EDIT: Ok, so I decided to implement a FLOAT 32-bit version with padded vectors as shown below:
// Perform matrix vector multiplication of QK*x
// Load first four columns QK into 4 ymm registers
ymm0 = _mm256_load_ps((float *)(QK));
ymm1 = _mm256_load_ps((float *)(QK+8));
ymm2 = _mm256_load_ps((float *)(QK+16));
ymm3 = _mm256_load_ps((float *)(QK+24));
// Load first four values of x
ymm4 = _mm256_broadcast_ss((float *)(x));
ymm5 = _mm256_broadcast_ss((float *)(x+1));
ymm6 = _mm256_broadcast_ss((float *)(x+2));
ymm7 = _mm256_broadcast_ss((float *)(x+3));
// Multiply in place - frees up ymm4,ymm5,ymm6,ymm7
ymm0 = _mm256_mul_ps(ymm0, ymm4);
ymm1 = _mm256_mul_ps(ymm1, ymm5);
ymm2 = _mm256_mul_ps(ymm2, ymm6);
ymm3 = _mm256_mul_ps(ymm3, ymm7);
// Add together, this frees up ymm1,ymm2,and ymm3
ymm0 = _mm256_add_ps(ymm0, ymm1);
ymm2 = _mm256_add_ps(ymm2, ymm3);
ymm0 = _mm256_add_ps(ymm0, ymm2);
// Load next last columns of QK
ymm1 = _mm256_load_ps((float *)(QK+32));
ymm2 = _mm256_load_ps((float *)(QK+40));
// Load last two values of x
ymm6 = _mm256_broadcast_ss((float *)(x+4));
ymm7 = _mm256_broadcast_ss((float *)(x+5));
// Multiply in place
ymm1 = _mm256_mul_ps(ymm1, ymm6);
ymm2 = _mm256_mul_ps(ymm2, ymm7);
// Add together, this frees up every register except for ymm0
ymm0 = _mm256_add_ps(ymm0, ymm1);
ymm0 = _mm256_add_ps(ymm0, ymm2);
// Answer stored in ymm0 and ymm1
// Calculate dot product of y*(QK*x)
// Load x
ymm1 = _mm256_load_ps((float *)(y));
// Do dotproduct by using horizontal multiply followed by horizontal add
// Multiply in place
ymm0 = _mm256_mul_ps(ymm0, ymm1);
// Do horizontal sum
__m128 xmm1 = _mm256_extractf128_ps(ymm0, 1);
__m128 xmm2 = _mm256_extractf128_ps(ymm0, 0);
xmm2 = _mm_add_ps(xmm1, xmm2);
xmm1 = _mm_movehl_ps(xmm1, xmm2);
xmm2 = _mm_add_ps(xmm1, xmm2);
xmm1 = _mm_shuffle_ps(xmm2, xmm2, 1);
xmm2 = _mm_add_ss(xmm1, xmm2);
ans[0] = _mm_cvtss_f32(xmm2);
As it stands, it runs about 3 times faster than:
ans[0] = (QK[0]*x[0]+QK[8]*x[1]+QK[16]*x[2]+QK[24]*x[3]+QK[32]*x[4]+QK[40]*x[5])*y[0]+
(QK[1]*x[0]+QK[9]*x[1]+QK[17]*x[2]+QK[25]*x[3]+QK[33]*x[4]+QK[41]*x[5])*y[1]+
(QK[2]*x[0]+QK[10]*x[1]+QK[18]*x[2]+QK[26]*x[3]+QK[34]*x[4]+QK[42]*x[5])*y[2]+
(QK[3]*x[0]+QK[11]*x[1]+QK[19]*x[2]+QK[27]*x[3]+QK[35]*x[4]+QK[43]*x[5])*y[3]+
(QK[4]*x[0]+QK[12]*x[1]+QK[20]*x[2]+QK[28]*x[3]+QK[36]*x[4]+QK[44]*x[5])*y[4]+
(QK[5]*x[0]+QK[13]*x[1]+QK[21]*x[2]+QK[29]*x[3]+QK[37]*x[4]+QK[45]*x[5])*y[5];
For 500mil iterations, the standard C version runs at about 9 seconds, and the single precision AVX version runs at about 3.5 seconds. If I comment out the horizonal sum at the end then it runs in about 0.5 seconds. The horizontal sum really kills the performance...

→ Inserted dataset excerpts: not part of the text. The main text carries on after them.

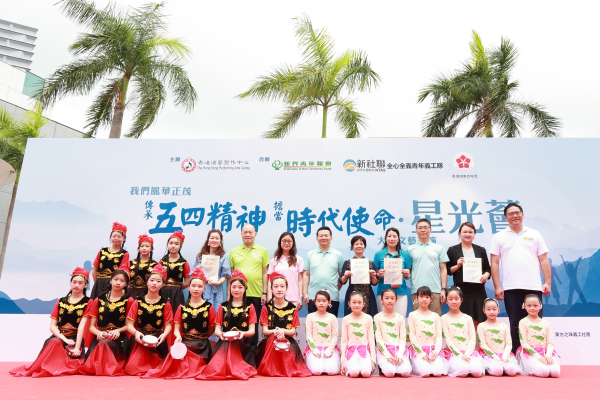 【點新聞報道】由香港湖南青年會、新界青年聯會、新界社團聯會全心全義青年義工隊聯合主辦的「我們風華正茂——傳承五四精神,擔當時代使命」大型文藝表演,今日(6日)在尖沙咀文化中心露天廣場舉行,約300名香港青年歡聚一堂,呈現合唱、舞蹈、漢服、樂器演奏等近30套精彩節目,共同慶祝五四青年節。文藝匯演在線直播吸引了超過2萬點擊互動量。
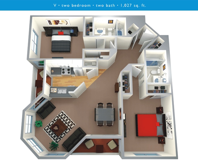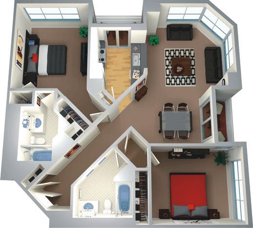 Modelo de apartamento: BDesde $3,9001 Dormitorio, 1 Baño, 610-665 sq ftDisponible December 10, 2025PlanosFotos![]()
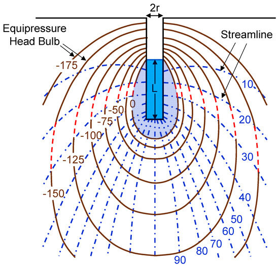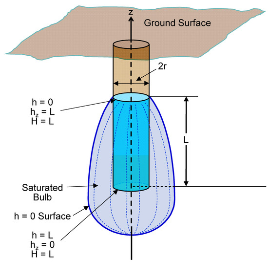 Outside the saturated bulb, the pressure head and soil water content decrease in tandem reaching the background (initial condition) levels away from the hole. The points for any constant pressure head (hereafter, referred to as the equipressure head surfaces) form a bulb-shaped volume, as shown by Amoozegar [33] and represented in Figure 3.
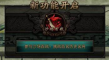 玩家通过34级经典战役“三英战虎牢”后即可激活沙场百战功能。激活后弹出如下“新功能开启面板”。
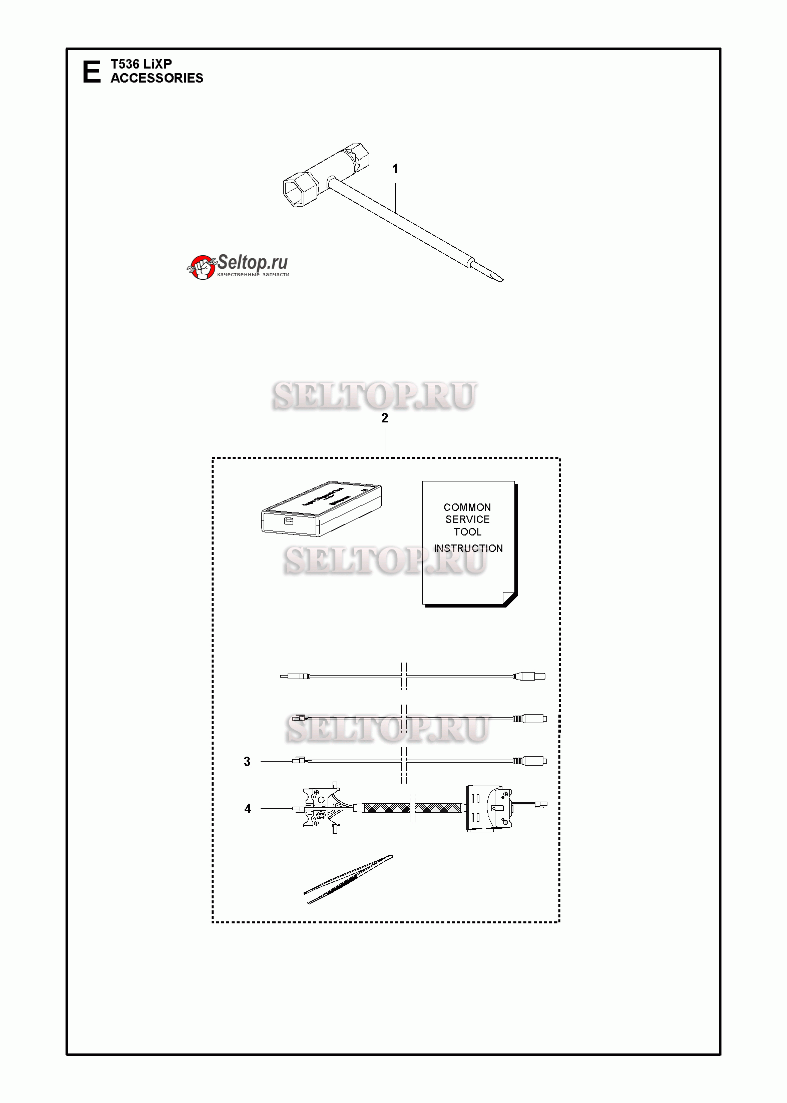 Аксессуары для аккумуляторной цепной пилы Husqvarna T536 Li XP, взрыв-схема:

I created code to do this efficiently. I get nearly a 4x speed up (best you can expect with doubles on AVX) using AVX for a single thread. Here are the results running over 2000, 32000, and 4000000 x and y six-component vectors over a 6x6 matrix. These roughly correspond to L2, L3, and >>L3 cache size on my system (each vector uses 48 bytes).
Edit: I added text (and code) at the end to do this with float. The speedup is nearly 8x with AVX on a single thread.
i5-3317U (2 core ivy bridge)
compiled with: g++ m6.cpp -o m6 -O3 -mavx -fopenmp
nvec 2000, repeat 10000, 1 thread : time scalar/SIMD 3.95
nvec 32000, repeat 1000, 1 thread : time scalar/SIMD 3.53
nvec 4000000, repeat 10, 1 thread : time scalar/SIMD 3.28
1 thread for both the SIMD and non-SIMD functions
nvec 2000, repeat 10000, 2 threads: time scalar/SIMD 5.96
nvec 32000, repeat 1000, 2 threads: time scalar/SIMD 5.88
nvec 4000000, repeat 10, 2 threads: time scalar/SIMD 4.52
2 threads on the SIMD function vs. 1 thread on the non-SIMD function
compiled with g++ m6.cpp -o m6 -O3 -msse4.2 -fopenmp
nvec 2000, repeat 10000, 1 thread: time scalar/SIMD 2.15
nvec 32000, repeat 1000, 1 thread: time scalar/SIMD 2.06
nvec 4000000, repeat 10, 1 thread: time scalar/SIMD 2.00
The basic algorithm does SIMD on the x and y vectors, NOT on the 6x6 matrix. One key point is that the x and y vectors have to be arrays of blocks of struct of arrays. This is also called an array of struct of arrays (AoSoA) or hybrid struct of arrays. You can read more about it here "Extending a C-like Language for Portable SIMD Programming" http://www.sci.utah.edu/~wald/Publications/2012///ppopp/download//vecimp.pdf
Below is the code. The function aos2aosoa
converts arrays of six component vectors to arrays of SoA. Your application should generate the vectors in this form (not do the conversion) if you want to get the full benefit of SIMD. This code uses Agner Fog's vectorclass http://www.agner.org/optimize/#vectorclass . It's just some header files. This code will also work with SSE (but the boost is only about 2x as expected).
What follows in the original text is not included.